(Beginning of COLLECTED MATERIAL)

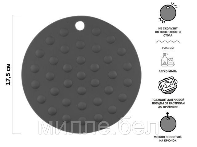 Коврик под горячее силиконовый, круглый, 17.5 х 0.2 см, GRAPHITE, PERFECTO LINEA
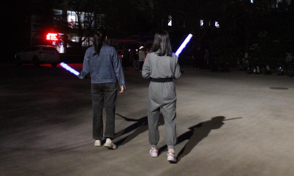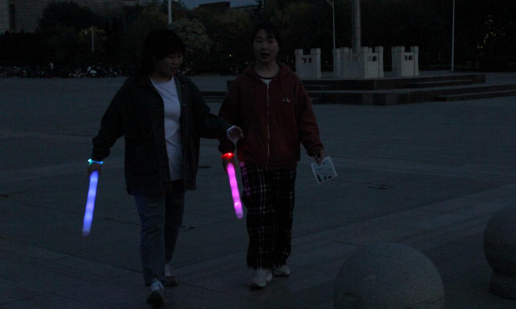 门口起始点集合,领取并佩戴荧光棒、荧光手环或荧光戒指,然后绕中州路环线进行慢跑。奔跑着的五彩荧光队伍将校园装点成一个荧光闪耀的欢乐海洋,吸引了许多人的目光。
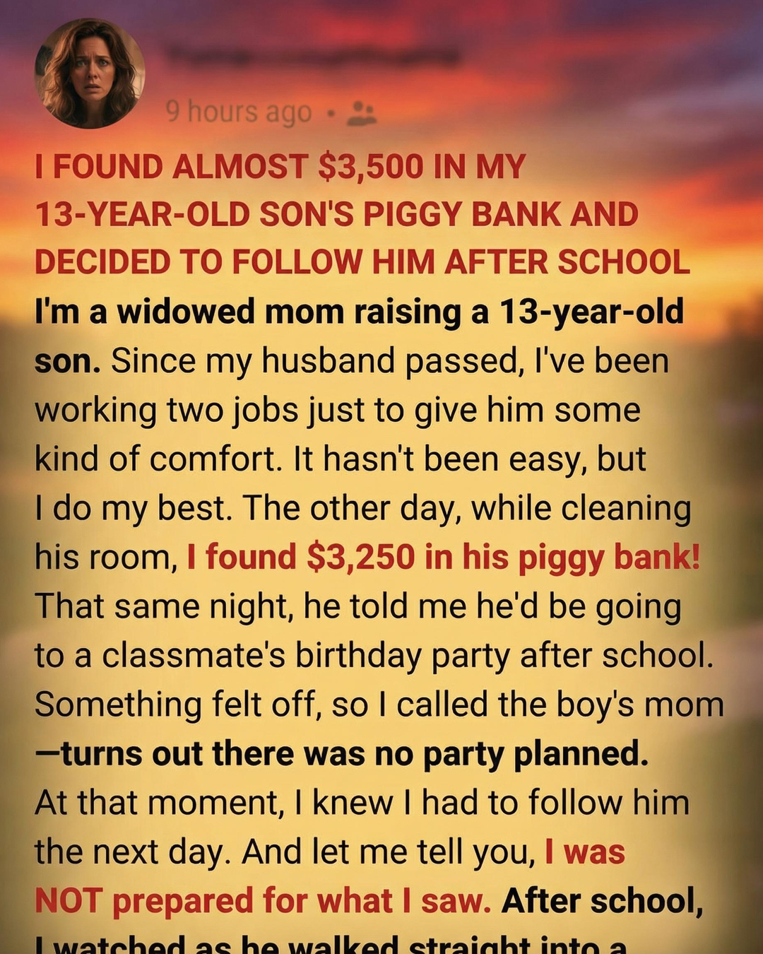 I FOUND ALMOST $3,500 IN MY 13-YEAR-OLD SON’S PIGGY BANK AND DECIDED TO FOLLOW HIM AFTER SCHOOL. As a widowed mom doing my best to raise my son alone, I was genuinely shocked when I opened his piggy bank while cleaning his room and discovered the large amount of money. For years, I’ve juggled two jobs to ensure he has a stable life, so seeing that much cash hidden away made my heart race with concern. My first thought was whether he might be involved in something unsafe or stressful for a child his age. That night, when he mentioned going to a classmate’s birthday party—one I later found out wasn’t actually happening—I felt a wave of worry wash over me. I knew I needed to understand what was going on, not to punish him, but to protect him.
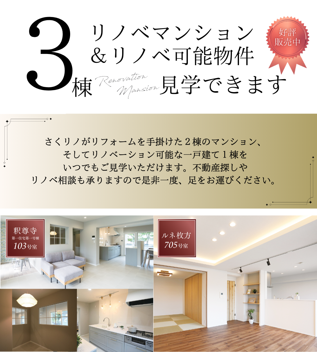 大阪府枚方市・交野市のリフォームなら さくらリフォーム > イベント情報 > 完成見学会 > リノベマンション&リノベ可能マンション全3棟見学会【枚方市・交野市】

(End of COLLECTED MATERIAL)

▸ WHAT IS BEING ASKED
Give back the whole listing exactly, without pictures.

▸ FINISHED EXERCISE
 Коврик под горячее силиконовый, круглый, 17.5 х 0.2 см, GRAPHITE, PERFECTO LINEA
 门口起始点集合,领取并佩戴荧光棒、荧光手环或荧光戒指,然后绕中州路环线进行慢跑。奔跑着的五彩荧光队伍将校园装点成一个荧光闪耀的欢乐海洋,吸引了许多人的目光。
 I FOUND ALMOST $3,500 IN MY 13-YEAR-OLD SON’S PIGGY BANK AND DECIDED TO FOLLOW HIM AFTER SCHOOL. As a widowed mom doing my best to raise my son alone, I was genuinely shocked when I opened his piggy bank while cleaning his room and discovered the large amount of money. For years, I’ve juggled two jobs to ensure he has a stable life, so seeing that much cash hidden away made my heart race with concern. My first thought was whether he might be involved in something unsafe or stressful for a child his age. That night, when he mentioned going to a classmate’s birthday party—one I later found out wasn’t actually happening—I felt a wave of worry wash over me. I knew I needed to understand what was going on, not to punish him, but to protect him.
 大阪府枚方市・交野市のリフォームなら さくらリフォーム > イベント情報 > 完成見学会 > リノベマンション&リノベ可能マンション全3棟見学会【枚方市・交野市】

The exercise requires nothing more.